CASES IN WHICH TELEWORKING WAS ALREADY PERFORMED
If the company and workers had a collective agreement, the deadlines are longer. If this agreement had an expiration date, it will be in effect until it ends. If there is no end date, companies will have a maximum of one year to adapt to the law or up to 3 years if there is an agreement with the workers.
In many cases there will be a prior collective agreement, but it may not include all the details required by law, such as cost sharing. In this case, it will be necessary to agree.
The law provides an exception for teleworking resulting from the pandemic. “In application of Article 5 of Royal Decree Law 8/2020, of March 17, or as a result of the health containment measures derived from COVID-19, and while these are maintained, the ordinary labor regulations will continue to apply”. Companies in this provisional situation will have to provide the means, equipment and tools, although they will not have to compensate for the costs. “What we have experienced in this pandemic is not teleworking,” warns the minister.
In contracts for work with minors, for internships or for training and apprenticeships, work can only be done if 50% of the working hours are guaranteed to be in person. In other words, teleworking will be limited to training jobs.
The new Law establishes that the person who performs distance work may “make the established service hours more flexible, respecting the times of obligatory availability and the regulations on working and rest time”.
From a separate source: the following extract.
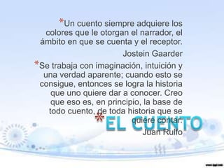 Este documento presenta una definición y características del cuento. Explica que el cuento es una narración breve de ficción con pocos personajes y argumento sencillo. Originalmente era transmitido oralmente pero ahora también se cuenta por escrito. Incluye ejemplos de diferentes tipos de cuentos como populares, literarios, de fantasía, de horror y realistas.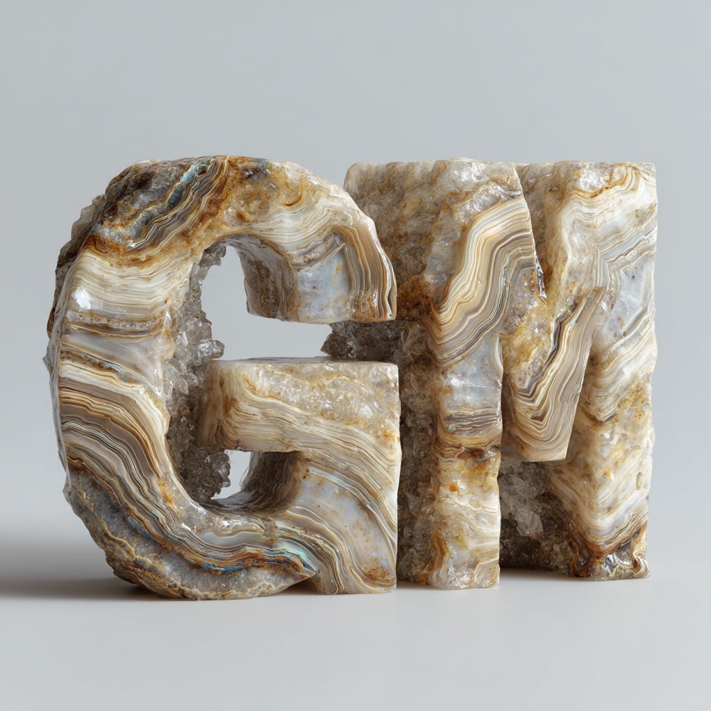 icon design of letter "GM", made of Agate, Earthy, banded patterns in various tones, hyperrealistic, hyperdetail, front view, 80mm lens, studio lighting, white solid background. --ar 1:1 --raw --profile 3m1vngz --v 7

In other words, the teleworker’s schedule will be agreed by agreement and the current limitations on working and rest time must be respected. In other words, the meal breaks or distance between one day and the next. In the agreement it will be possible to agree when the employee has to guarantee availability.
For teleworking, a time record must be kept, which must include the start and end time of the working day and the periods of activity.
CONTROL OF THE WORK
The text explains that the company may “adopt the measures it deems most appropriate for monitoring and control to verify compliance by the worker with his obligations and duties at work, including the use of telematic means.
On the other hand, these telematic means must guarantee the right to privacy and data protection. The company may not demand the installation of programs or applications on devices owned by the worker.
OCCUPATIONAL RISK PREVENTION AND RIGHT TO DISCONNECT
The company must take into account the occupational risks involved in teleworking, such as “psychosocial, ergonomic and organisational” risks. To this end, the various breaks throughout the day must be guaranteed, the distribution must be taken into account and protective measures must be put in place.
If an inspection is required to analyse the risks at work, a written report must be provided to justify this, which must be accepted by the worker. The evaluation will only be carried out in the area where the work is done remotely, which does not have to be the whole of the home.
People who work remotely will have the right to a so-called ‘digital switch-off’. The companies must guarantee the limitation in the use of technological means during the rest periods, as well as the respect to the maximum duration of the day. This is a right previously contemplated in the regulations and where it is urged to develop an internal policy that defines “the modalities of exercising the right to disconnect and training and awareness of staff on a reasonable use of technological tools to avoid the risk of computer fatigue.